Since the poor do not pay any income tax, the entire burden of the rise in income tax rates will fall on the relatively better off segment of the population. Since this segment also saves a fraction of its income, a part of the tax payment will come out of its savings; its consumption therefore will be lowered not by Rs100, but by, say, 80.The reduction in demand caused by the reduction in the fiscal deficit will be Rs 80.
But if the same Rs 100 is raised by taxing oil, a part of the burden falls on the poor, who have almost zero savings; it is only the remaining part that falls on the segment of the population which saves. Hence while raising Rs 100, say Rs 50 comes from the poorer segment that does not save and Rs 50 from the better off segment that does, and this Rs 50 in turn reduces consumption of the latter by Rs 40 and savings by Rs 10 (assuming an impact of tax payment on consumption and savings in the same ratio as in the above example, ie, 80:20). The total reduction in consumption because of the tax therefore is Rs 50 (from the poor) plus Rs 40 (from the consumption of the better off segment), which comes to Rs 90. Taxing oil in other words, precisely because it squeezes the consumption of the poor, reduces demand to a much greater extent that raising income tax revenue.
By far the best way of reducing the fiscal deficit is through wealth taxation. Since wealth taxation falls on the very rich, whose consumption levels are hardly affected by tax payment, Rs 100 of wealth taxation levied upon them more or less entirely comes out of their wealth (or savings) with negligible reduction in consumption. In this case, the reduction in demand will be zero. This way of reducing the fiscal deficit therefore will cause no reduction in employment.

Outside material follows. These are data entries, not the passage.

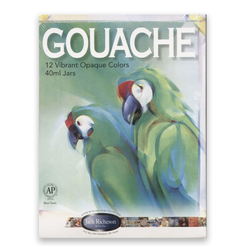 Set contains 12 - 40 ml plastic jars of creamy, vibrant, non-transparent colors: zinc white, yellow light, ochre light, vermilion, alizarin crimson, iron oxide, Prussian blue, emerald light, violet deep, green deep, mars brown, and carbon black. ACMI non-toxic.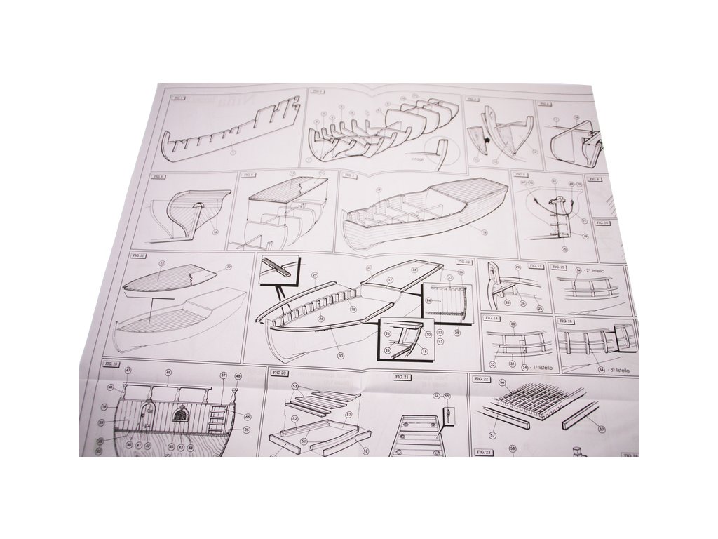 Set obsahuje kompletní sadu výkresové dokumentace modelu v měřítku 1:1 s postupem stavby, na výkrese jsou pečlivě označeny díly a je zde i seznam jednotlivých součástí modelu.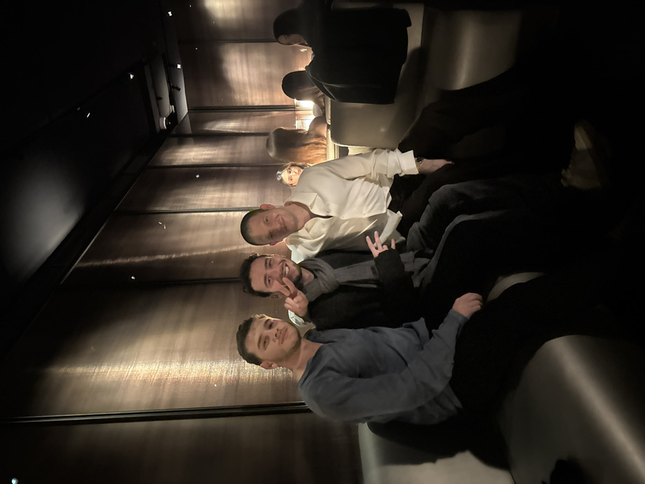 - "Four men are seated on a long couch in a dimly lit room with textured walls" by FM-SHEMl1, licensed under CC BY 4.0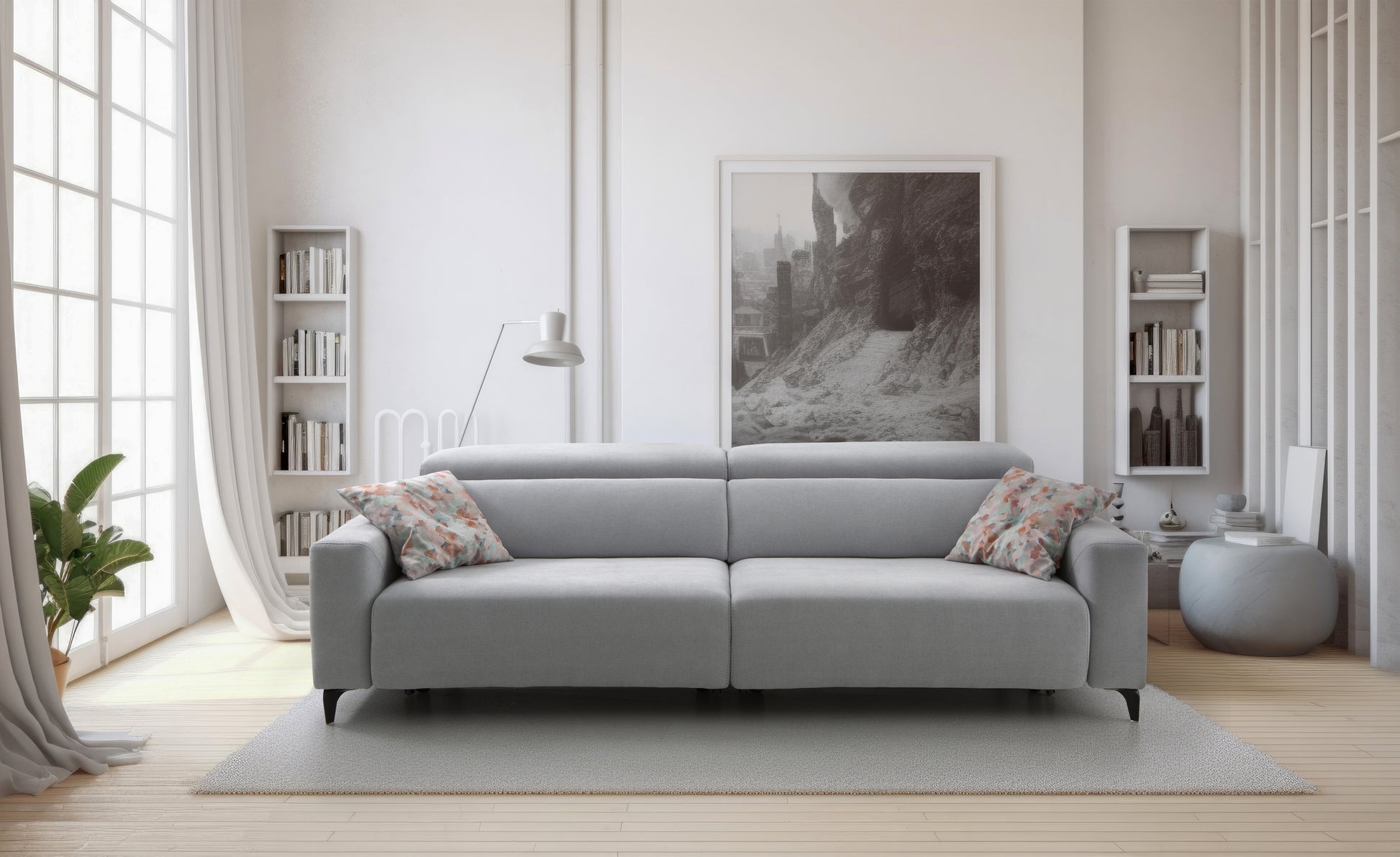 Sofá respaldos italianos y asientos deslizantes de carro.

Finally, suppose the government did not do anything to reduce the fiscal deficit; then again there would be no reduction in aggregate demand and hence in employment and output. But since any fiscal deficit is financed by borrowing, ie, putting claims upon the government in the hands of those who save in the private sector, it increases wealth inequality in the country. It puts wealth in the form of government securities in the hands of the saving segment, and hence the better-off segment, of the private sector.
It follows then that wealth taxation is the best option, since it does not increase wealth inequalities and does not reduce aggregate demand. Keeping the fiscal deficit going, increases wealth inequality but does not reduce aggregate demand. Taxing incomes does not increase wealth inequality but reduces aggregate demand somewhat, while taxing oil, though it does not also increase wealth inequality, has the most damaging effect of all on aggregate demand. From the point of view of aggregate demand and wealth inequality, wealth taxation is by far the best option. In its absence the government would do better by resorting to some other form of direct taxation rather than taxing oil. Taxing oil is the worst among all tax-options since it has the most deleterious effect on the level of output and employment.
(Prabhat Patnaik is Professor Emeritus at the Centre for Economic Studies and Planning, Jawaharlal Nehru University, New Delhi.)